CB: Now going back to the beginning of your career, in volunteering to join the forces, there was basically an option between the Army, the Navy and the Air Force. What prompted you to make the decision you did?
AG: I just didn’t want to join the Army or the Navy, and I thought I want to join, join the Air Force and that was it.
CB: To what extent did the Air Forces activities in the early part of the war, inspire people of your age? So, Battle of Britain, that sort of thing?
AG: Oh well, yes. You see our home was in Southampton, and out of interest, while I was training on that flight mechanics course at Kirkham, I had a phone call from my sister who said, ‘Last night, our house was destroyed’. It was bombed. She said, ‘We’re all alright, Dad and Mum because we were in an air raid shelter nearby, a service shelter and so we’re all alright’. And when I was in, told my flight commander, he said, ‘So you’re family are ok, are they?
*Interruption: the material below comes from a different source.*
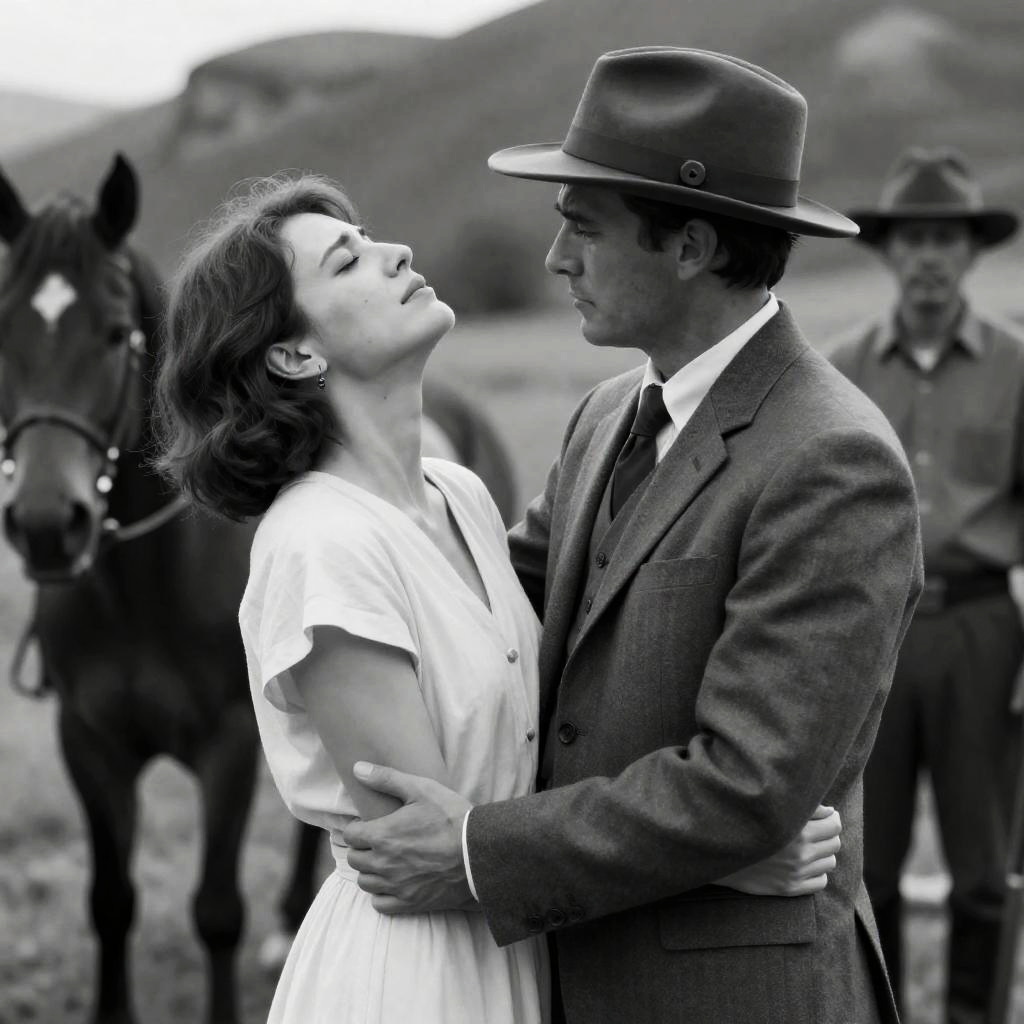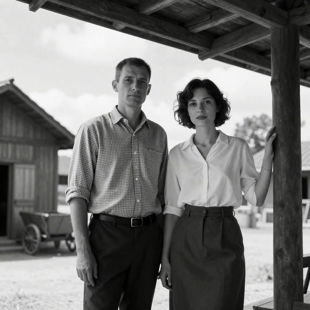 Black and white photograph featuring a man and a woman standing under a wooden roof. The man has short hair and is dressed in a checkered shirt and dark pants. The woman has short, curled hair and wears a button-up white blouse paired with a high-waisted dark skirt. She rests her hand on a sturdy wooden post. The background includes a rustic wooden building, a wagon, some trees, and a bright sky with scattered clouds. Both subjects have neutral facial expressions.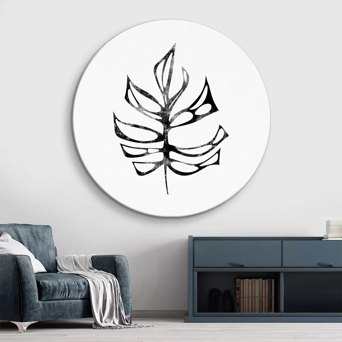 Ronde schilderijen Decoratief vel met insnijdingen en gaten, tropisch, getextureerde zwarte kleur, minimalisme, bloemen r38342

Nobody’s injured. No?’ I said, ‘No’. He said, ‘Then we can’t spare you any time off to go home’, so that was that. But in Southampton, before I joined the Air Force of course, the Battle of Britain was going on. The first RAF fighter pilot to get the VC got it over Southampton.
CB: Nicholson.
AG: Nicholson. And he was the first one and I saw him come down.
CB: Did you really?
AG: And he landed near where I lived, yeah, and it was all that sort of thing that inspired one. Oh yes, you know, join the RAF. That’s, that’s, that’s the place to join.
CB: Exciting.
AG: Exciting. Yeah. Yeah. And of course, just across the water, the Itchen, was the Supermarine Works.
CB: In the Isle of Wight.
AG: Was the first place to build the Spitfire aircraft, because the Spitfire, when the trials took place before the war, took place at Eastleigh Airport near Southampton.
CB: Yeah.
AG: Yeah. So, and of course, the man who invented the Spitfire, RJ Mitchell, lived in Southampton at the time. In fact, there’s the plaque on the house now where he lived.
CB: What was the reaction of your parents to the destruction of their home?
AG: Ahh well, they, it was just one of the, I mean, this was happening all the time during the war and they rapidly found a place nearby. A house that they rented for the rest of the war.
CB: But they’d owned their own home before.
AG: No, it was a council house.
CB: Oh, was it? Right.
AG: It was a council, yes, it was a council house, and so that was that. So they rented this place whilst the war was on, and after the war, they rebuilt the council house where they’d lived and they went back to the same spot in a new house.
CB: Did they really?
AG: Yeah.
CB: And what about your sister’s reaction?
AG: [laughs] Well, well, you know it was all sorts of things. Strange things happening during the war and you just accepted it and, you see, you know in Southampton, I forget how many people were killed, between four and five hundred in air raids, and well this was what was going on. People, you know, in those days really didn’t complain as much as they complain today.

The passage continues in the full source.